Raising Awareness and Understanding of Tardive Dyskinesia (TD) in Psychiatric Care


TDA graphic

A colleague recently alerted me to the fact that this is Tardive Dyskinesia (TD) Awareness Week [May 6 to 11, 2024] and it made me reflect on the fact that this particular psychiatric issue remains a significant challenge in our field. In prior roles, whether regularly screening patients treated with antipsychotic medications for risk of developing TD or overseeing organization-wide patient care issues, the impacts of TD include social, physical, vocational, and psychological functioning as well as the impact of TD on the underlying psychiatric disorder.
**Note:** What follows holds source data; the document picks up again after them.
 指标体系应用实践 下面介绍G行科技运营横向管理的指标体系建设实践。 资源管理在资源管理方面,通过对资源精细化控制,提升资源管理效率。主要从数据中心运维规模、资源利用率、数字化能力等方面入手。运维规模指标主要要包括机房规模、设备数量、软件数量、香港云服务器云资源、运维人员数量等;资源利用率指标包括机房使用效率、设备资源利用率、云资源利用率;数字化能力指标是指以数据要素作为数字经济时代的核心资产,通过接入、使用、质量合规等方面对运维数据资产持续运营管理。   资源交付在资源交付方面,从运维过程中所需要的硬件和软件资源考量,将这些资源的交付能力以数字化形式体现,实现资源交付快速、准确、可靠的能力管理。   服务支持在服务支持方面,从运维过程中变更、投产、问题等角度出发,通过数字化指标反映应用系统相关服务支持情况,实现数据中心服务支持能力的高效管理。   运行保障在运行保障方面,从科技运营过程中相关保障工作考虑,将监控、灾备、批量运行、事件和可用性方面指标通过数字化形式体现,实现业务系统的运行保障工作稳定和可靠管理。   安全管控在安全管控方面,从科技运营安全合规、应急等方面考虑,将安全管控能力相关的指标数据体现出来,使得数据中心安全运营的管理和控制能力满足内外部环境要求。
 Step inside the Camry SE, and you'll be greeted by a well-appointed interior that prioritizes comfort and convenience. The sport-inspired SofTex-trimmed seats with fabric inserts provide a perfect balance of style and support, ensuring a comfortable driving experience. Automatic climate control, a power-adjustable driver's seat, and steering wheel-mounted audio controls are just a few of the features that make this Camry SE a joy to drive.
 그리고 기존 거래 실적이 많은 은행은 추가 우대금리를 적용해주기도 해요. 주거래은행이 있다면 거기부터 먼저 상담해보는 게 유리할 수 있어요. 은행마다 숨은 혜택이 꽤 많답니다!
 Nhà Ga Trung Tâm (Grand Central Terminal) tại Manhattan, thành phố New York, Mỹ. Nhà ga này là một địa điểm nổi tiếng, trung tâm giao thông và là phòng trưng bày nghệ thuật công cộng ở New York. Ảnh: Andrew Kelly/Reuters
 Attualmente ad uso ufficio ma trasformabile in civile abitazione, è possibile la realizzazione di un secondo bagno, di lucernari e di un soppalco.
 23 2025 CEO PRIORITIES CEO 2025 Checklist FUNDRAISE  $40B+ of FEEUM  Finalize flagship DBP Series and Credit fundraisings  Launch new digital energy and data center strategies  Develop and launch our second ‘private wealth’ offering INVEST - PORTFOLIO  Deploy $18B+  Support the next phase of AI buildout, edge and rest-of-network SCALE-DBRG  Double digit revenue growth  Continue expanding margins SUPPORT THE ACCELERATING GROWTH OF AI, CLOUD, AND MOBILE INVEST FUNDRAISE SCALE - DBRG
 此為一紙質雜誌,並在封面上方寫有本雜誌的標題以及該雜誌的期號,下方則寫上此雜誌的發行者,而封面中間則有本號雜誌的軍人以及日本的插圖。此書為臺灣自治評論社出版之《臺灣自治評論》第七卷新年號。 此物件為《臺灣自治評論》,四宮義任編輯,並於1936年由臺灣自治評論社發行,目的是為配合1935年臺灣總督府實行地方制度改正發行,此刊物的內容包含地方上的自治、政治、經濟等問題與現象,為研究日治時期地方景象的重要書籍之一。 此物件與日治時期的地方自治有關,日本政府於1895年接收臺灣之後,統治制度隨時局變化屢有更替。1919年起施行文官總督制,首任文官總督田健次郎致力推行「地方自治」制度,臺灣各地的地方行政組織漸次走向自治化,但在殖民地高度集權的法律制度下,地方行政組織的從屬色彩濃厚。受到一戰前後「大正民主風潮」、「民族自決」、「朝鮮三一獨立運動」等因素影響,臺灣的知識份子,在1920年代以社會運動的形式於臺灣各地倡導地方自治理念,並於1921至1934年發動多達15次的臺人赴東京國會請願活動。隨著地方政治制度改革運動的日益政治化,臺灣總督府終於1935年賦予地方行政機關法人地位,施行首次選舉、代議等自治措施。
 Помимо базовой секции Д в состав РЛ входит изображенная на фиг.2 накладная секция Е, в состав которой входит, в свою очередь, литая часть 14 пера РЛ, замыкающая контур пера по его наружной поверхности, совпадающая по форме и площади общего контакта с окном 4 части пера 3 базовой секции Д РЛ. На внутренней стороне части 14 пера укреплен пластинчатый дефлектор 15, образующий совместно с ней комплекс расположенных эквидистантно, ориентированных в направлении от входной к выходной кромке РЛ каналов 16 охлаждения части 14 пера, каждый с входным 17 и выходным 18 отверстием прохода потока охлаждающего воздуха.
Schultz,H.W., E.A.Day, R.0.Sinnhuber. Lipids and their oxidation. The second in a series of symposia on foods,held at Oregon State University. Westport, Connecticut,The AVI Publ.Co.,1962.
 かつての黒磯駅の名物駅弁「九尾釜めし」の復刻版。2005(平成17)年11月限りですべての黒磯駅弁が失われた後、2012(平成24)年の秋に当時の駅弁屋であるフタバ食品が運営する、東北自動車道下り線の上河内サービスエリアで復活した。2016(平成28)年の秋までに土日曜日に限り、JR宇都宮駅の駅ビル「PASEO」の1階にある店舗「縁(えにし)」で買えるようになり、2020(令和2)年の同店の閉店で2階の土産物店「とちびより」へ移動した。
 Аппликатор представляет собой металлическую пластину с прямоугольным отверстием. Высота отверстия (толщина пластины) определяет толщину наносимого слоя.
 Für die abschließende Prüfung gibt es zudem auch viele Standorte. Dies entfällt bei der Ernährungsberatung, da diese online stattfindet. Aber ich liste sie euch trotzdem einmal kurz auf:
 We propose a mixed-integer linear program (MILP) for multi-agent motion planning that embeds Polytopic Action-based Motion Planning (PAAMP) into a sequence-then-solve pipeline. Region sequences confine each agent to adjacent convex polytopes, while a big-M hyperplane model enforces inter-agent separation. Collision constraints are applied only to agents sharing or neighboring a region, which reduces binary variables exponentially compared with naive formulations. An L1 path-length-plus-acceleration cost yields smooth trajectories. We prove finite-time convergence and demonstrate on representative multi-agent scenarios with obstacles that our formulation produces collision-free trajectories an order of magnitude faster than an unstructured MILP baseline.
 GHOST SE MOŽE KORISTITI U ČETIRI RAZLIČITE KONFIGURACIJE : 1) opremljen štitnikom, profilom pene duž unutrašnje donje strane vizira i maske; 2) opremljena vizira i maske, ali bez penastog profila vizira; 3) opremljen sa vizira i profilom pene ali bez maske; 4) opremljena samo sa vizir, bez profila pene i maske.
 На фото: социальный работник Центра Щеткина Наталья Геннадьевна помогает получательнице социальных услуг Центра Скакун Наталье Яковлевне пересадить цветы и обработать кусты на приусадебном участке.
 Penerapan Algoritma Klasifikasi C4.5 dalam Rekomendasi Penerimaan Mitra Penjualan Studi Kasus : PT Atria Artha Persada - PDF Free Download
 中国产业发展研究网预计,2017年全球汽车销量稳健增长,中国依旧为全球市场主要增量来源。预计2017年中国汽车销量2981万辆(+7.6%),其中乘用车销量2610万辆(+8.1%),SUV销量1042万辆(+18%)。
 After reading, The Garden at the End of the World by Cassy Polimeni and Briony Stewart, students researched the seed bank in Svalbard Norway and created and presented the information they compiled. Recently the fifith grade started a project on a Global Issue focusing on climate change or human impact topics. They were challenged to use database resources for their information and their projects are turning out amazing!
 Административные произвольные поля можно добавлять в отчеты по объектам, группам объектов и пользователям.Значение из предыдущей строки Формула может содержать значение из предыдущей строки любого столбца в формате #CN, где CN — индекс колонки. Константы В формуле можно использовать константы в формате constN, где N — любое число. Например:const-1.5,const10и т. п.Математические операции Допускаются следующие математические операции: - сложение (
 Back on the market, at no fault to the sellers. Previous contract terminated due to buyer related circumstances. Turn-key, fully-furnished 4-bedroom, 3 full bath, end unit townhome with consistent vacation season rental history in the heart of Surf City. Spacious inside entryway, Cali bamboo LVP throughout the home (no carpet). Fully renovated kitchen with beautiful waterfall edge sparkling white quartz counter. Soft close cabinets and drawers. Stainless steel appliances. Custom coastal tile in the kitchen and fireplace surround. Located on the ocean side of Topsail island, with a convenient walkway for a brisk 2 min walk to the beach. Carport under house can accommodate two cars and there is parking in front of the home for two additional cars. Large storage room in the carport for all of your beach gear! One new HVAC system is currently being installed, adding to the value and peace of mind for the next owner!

Since May is also Mental Health Awareness Month I am taking this opportunity to highlight and raise awareness on this specific clinical issue that requires a more systematic approach to improve quality of care for so many individuals impacted.

 

The Diagnostic and Statistical Manual of Mental Disorders, 5th edition (DSM-V) [1], defines tardive dyskinesia as “involuntary athetoid or choreiform movements lasting at least a few weeks, developing in association with the use of a neuroleptic medication for at least a few months, and persisting beyond 4-8 weeks.”

 

  Tardive dyskinesia is a chronic and often irreversible movement disorder caused by prolonged use of dopamine receptor blocking agents, typical and atypical antipsychotic medications, commonly prescribed for psychiatric conditions such as schizophrenia, bipolar disorder, and other mental health conditions. It's characterized by abnormal involuntary, repetitive movements, typically of the face, torso, and extremities. While symptoms can range from mild and not easily noticed to disabling and severe (these can include difficulty swallowing, speech impediments, disfiguring facial expressions) many recent surveys show that the majority of patients with TD are aware of their movements and feel self-conscious or embarrassed by them. [2]

Common Features:

·      Frowning or grimacing

·      Tongue protrusion

·      Finger and/or toe movements

·      Lip smacking

·      Rocking of the pelvis

 

 

·      Puckering and pursing of the lips

·      Rapid eye blinking

·      Chewing movements

·      Rapid movements of the arms, legs, and trunk

  It is estimated that there are approximately 600,000 people in the United States that live with TD, but tragically, a significant percentage go undiagnosed. To make matters worse, in a recent large survey of patients taking medications, 58% of patients were not aware that antipsychotics can cause involuntary movements or TD. This gap in awareness about TD underscores the importance of psychoeducation on this clinical matter.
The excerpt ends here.